Think Freely Media presents Common Sense with Paul Jacob

Washington State activist Tim Eyman could celebrate election night. Several of his sponsored anti-red-light-camera initiatives won — in Bellingham and Longview and Monroe.

But his statewide initiative seems to be going down.

Eyman has become obsessed with transportation issues, and he’s receiving the usual push-back from insiders and editorialists. The Seattle Times proclaimed his I-1125 “anachronistic,” saying that Eyman

may have something to say about the scope of government. His anti-tax proposals fare well. But voters do not think much of his ideas for moving — or, more precisely, not moving — people around a busy metropolitan region.

A tad disingenuous. Washington’s voters received a barrage of advertising against the measure, but the campaign tended to ignore the measure’s main point, its attempt to strengthen the feedback systems of paying for (and developing) road projects. I-1125 would have kept politicians’ hands out of the road till, forcing them to leave money in road funds put there by fuel taxes and tolls and such.

Despite the negative campaign, on election night the measure was losing so narrowly that many deemed it “too close to call.”

Contrast this with the common anti-initiative complaint, that voting for them is driven by well-funded campaigns that overpower citizens’ reason. Well, Eyman’s initiative campaigns carry mainly on the written measures themselves: His group spends nothing on paid advertising, while his opponents splurge millions.

This is Common Sense. I’m Paul Jacob.

By: Redactor

3 Comments

  1. Drik says:

    “To see what is in front of one’s nose needs a constant struggle.” – George Orwell

    Even harder when the vested interested are trying so hard to keep it hidden.

  2. Andrew Terhune says:

    I’m a little puzzled by the animosity against red-light cameras. I drive through a number of them in my city. They are well marked so they should be a surprise to no one. And, they do make me think twice about gunning for that yellow light which was their intended purpose.

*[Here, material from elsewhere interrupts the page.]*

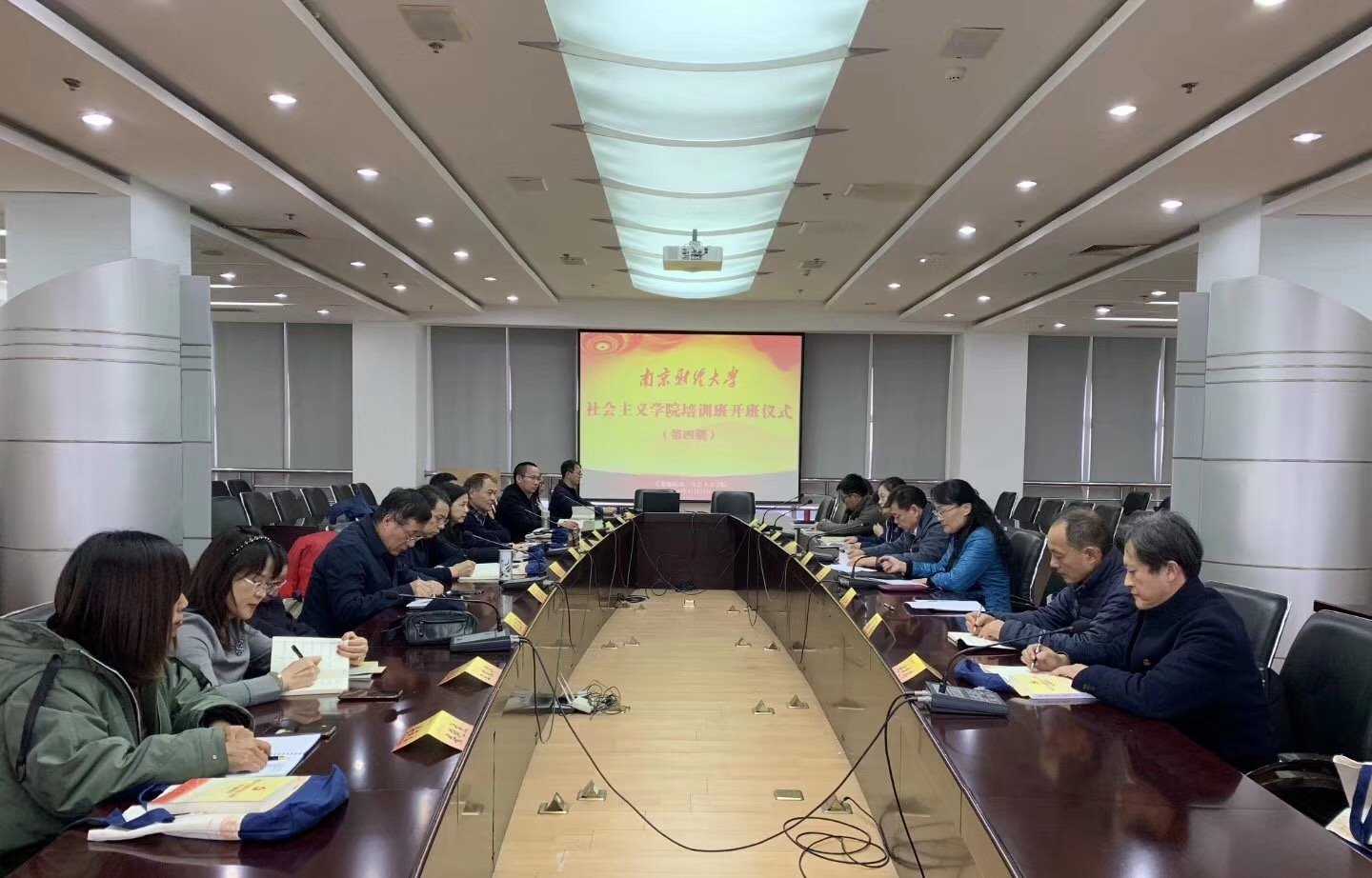 11月29日下午,社会主义学院第四期培训班开班仪式在仙林校区行政楼16楼会议室举行,校党委副书记、社会主义学院院长温潘亚出席开班仪式,培训班全体学员及统战部全体工作人员参加。开班仪式由党委常委、统战部部长、社会主义学院常务副院长吕戎主持。

    The city could accomplish the same at much greater cost by stationing a police officer 24/7 at these intersections to hand out tickets or deter motorists from breaking the law. Why object to what is merely a cost saving measure? Does anyone really defend running through red lights?

  3. Terry De Pew says:

    Mr Terhune, you miss the point.
    I object to the fact that fat, lazy politicians, political appointees & functionaries, not to mention thier pals in the electronic & camera business, are out there playing gotcha.
    I also object because this will eventually lead to cameras everywhere, maybe even in your home or your computer.(OOPS! They are already in there:silly people buy computers that have them installed at the factory!)
    England is the most camera monitored place on earth, thanks to the IRA & other terroristic monsters. The decent people of Britain are not allowed to own firearms to protect them selves, and those that do protect thier lives & property are treated as criminals, while the criminals sue their victims and WIN.
    You may have noticed that crime is out of hand in England. The criminals have all the guns and the nation is burning down at a time it is being legally invaded by fanatic religious cultists who want to take over the world and cut everyone elses heads’ off who don’t see things thier way.
    Great thing that they have cameras everywhere, documenting the downfall of civilization, huh? Now go pay up.